Friday, February 13, 2026

Archdiocese of Hamburg wants its own abuse study

The Archdiocese of Hamburg is in favour of its own comprehensive review study on cases of sexualised violence. 

The aim is a new gain in knowledge in order to derive further concrete steps from this, said Vicar General Sascha-Philipp Geißler of the "Neue Kirchenzeitung". 

According to the deputy of Archbishop Stefan Hesse, the Independent Commission for Reappraisal of North (UAK) is in discussion.

So far, there is no separate scientific abuse study for the entire Archdiocese of Hamburg, which includes around 340,000 Catholics in Hamburg, Schleswig-Holstein and Mecklenburg. 

There is only one study for the particularly affected part of Mecklenburg and a study for the diocese of Osnabrück, which included large parts of the present-day archdiocese of Hamburg until 1995. 

The UAK Nord, the joint commission of the dioceses of Hamburg, Osnabrück and Hildesheim, sees this as a gap.

Privacy dispute blocks file inspection

The criticism that Hamburg proceeds more slowly than the neighboring bishoprics in the reprocessing, Geißler rejected. "Speed is less important to me than thoroughness." 

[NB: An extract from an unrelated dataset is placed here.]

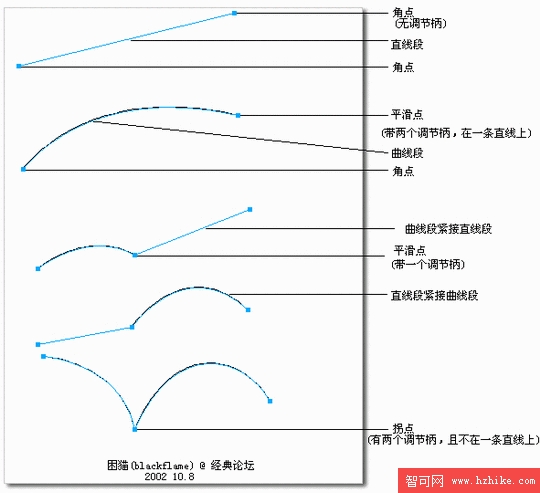 拐點:有兩個調整柄,但是不在一條直線上。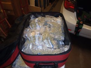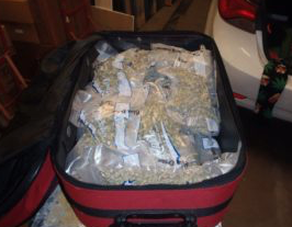The deputy noticed a strong odor of marijuana inside the vehicle and then found 13-pounds of marijuana wrapped in baggies and stored in a suitcase.

Currently, proceedings are still ongoing before the interdiocesan data protection court on issues of disclosure of case reports and the responsibility of the UAK. "We have to wait and see what this UAK-strained procedure yields."

The procedure concerns the question of whether the archdiocese of the UAK must at least grant anonymised access to the files even without the individual consents of the persons concerned. 

The Archdiocese has so far rejected this with reference to data protection. 

The UAK sees itself as significantly hindered in its work and has therefore sued against the interpretation of data protection by the archdiocese. The procedure has been going on for several months.

Two accused priests continue to be deployed

"It hurts me when we are held up, we would wall there," Geißler said. "In our country, the fundamental right to informational self-determination of every natural person applies, and we must take this seriously." 

Data protection is not protection of the crime, but determines scope for the processing.

Geißler acknowledged that there were cases in which accused priests continued to work to those affected despite benefits paid because there was no court-approved evidence or admissions of guilt. 

"We actually have two accused priests who act as retirees in the worship field but otherwise bear no responsibility," he said. "I can understand the perspective of those affected well that this seems unbearable and is being questioned." However, as long as no one is legally convicted, the presumption of innocence applies.